# Ure-A-Duck ,kicking butt mallard jerk decoy



## shawninthesticks (Jun 13, 2010)

Just wondering if anyone has used these decoys ,I just received mine in the mail and havent had a chance to use it. It seems tough ,but we will see.
http://www.youtube.com/watch?v=mhiu9SBBAO8


----------



## Brokengunz (Sep 3, 2011)

how long did it take to get it ? I ordered a decoy from them a month ago..........
still waiting >


----------



## Brad B (Apr 29, 2004)

Seems like a lot of stuff to keep up with and set up.


----------



## Terry A (Jul 1, 2003)

looks like a lot of work


----------



## shawninthesticks (Jun 13, 2010)

Field report- They where very quick to send order ,maybe 2 weeks tops (I ordered around the time I posted this thread).Since then I have used it apx.6 times,the supplied anchor cable does not work very well ,it holds solid but if you dont get it pushed in deep enough the decoy hits the cable in shallow water and will not dip deep enough to work properly,so I switched to an anchor which helped. 
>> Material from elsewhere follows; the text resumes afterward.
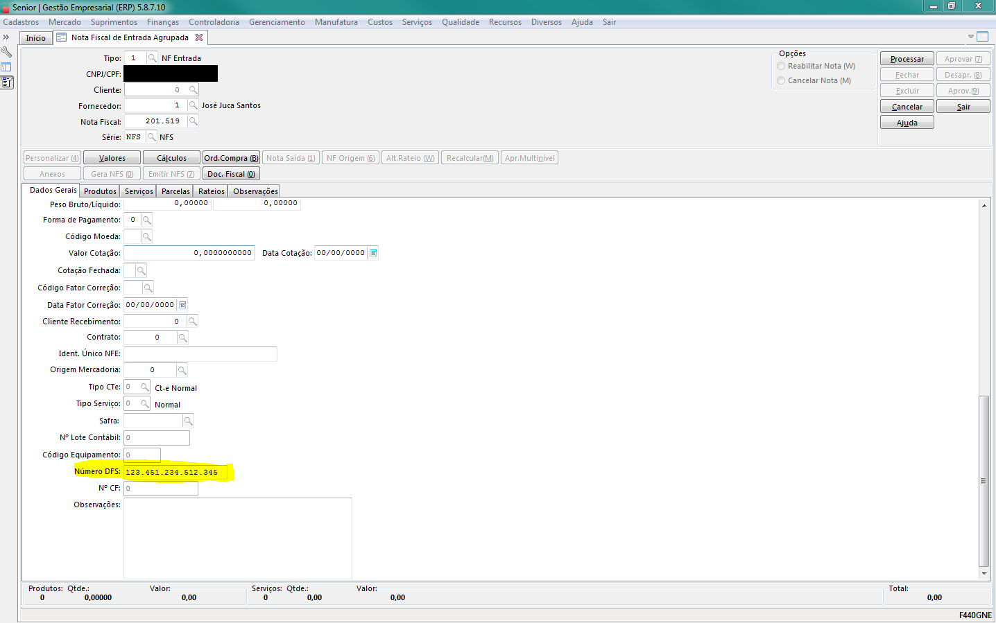 Esta informação será integrada para a Gestão de Tributos e considerada como o número do documento na geração de arquivos eletrônicos, como por exemplo o SPED quando a série utilizada para o lançamento da NF possuir o Dispositivo Autorizado = 8 - Nota Fiscal Eletrônica de Serviço no cadastro da série F020SNF - Cadastros / Mercado e Suprimentos / Parâmetros Fiscais / Séries Notas Fiscais / Cadastro.

The rubber feet that are shown on the you tube video are now styrafoam and are impossible to transport without bending and coming loose,the only way to keep them in place is to super glue them,if you decide to remove them after each use they will not stay in the previous holes used. 
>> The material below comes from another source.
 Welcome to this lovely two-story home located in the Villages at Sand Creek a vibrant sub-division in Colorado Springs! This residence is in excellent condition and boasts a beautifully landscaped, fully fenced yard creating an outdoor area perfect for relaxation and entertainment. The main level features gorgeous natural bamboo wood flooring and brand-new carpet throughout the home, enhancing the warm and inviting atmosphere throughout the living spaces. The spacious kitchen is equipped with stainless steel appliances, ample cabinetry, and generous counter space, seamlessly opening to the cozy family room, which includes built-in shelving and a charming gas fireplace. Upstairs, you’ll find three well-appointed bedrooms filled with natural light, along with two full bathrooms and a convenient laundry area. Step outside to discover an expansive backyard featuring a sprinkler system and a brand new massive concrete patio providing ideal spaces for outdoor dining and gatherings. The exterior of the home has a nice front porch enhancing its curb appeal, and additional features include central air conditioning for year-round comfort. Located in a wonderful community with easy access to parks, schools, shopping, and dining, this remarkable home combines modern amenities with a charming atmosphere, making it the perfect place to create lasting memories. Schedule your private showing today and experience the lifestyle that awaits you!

When you do finally get these bugs worked out and are able to use it as described the balance weight that is attached to the breast area rubbs the body and QUICKLY creates large divots in the body and once the paint is wore of the foam begins to seperate.

I have emailed them several times addressing this issue with no success,as they where quick to return emails when I was looking to order and spend $$,but they have not returned 2 emails I ve sent questioning these problems especially the weight eating away the body.I see no possible way that this can not be a problem on every decoy .

My over opinion is that this product is extremely over priced ,and would not recommmend purchase.

I now use it as a bobber to pull my jerk rig back with regular decoys attached ( $65 bobber )


----------



## Brad B (Apr 29, 2004)

Thanks for the update. I wasn't al all impressed with the looks of it to begin with.


----------



## 2labs (Dec 10, 2003)

Thanks for the update Shawn, you save me some money as well.


----------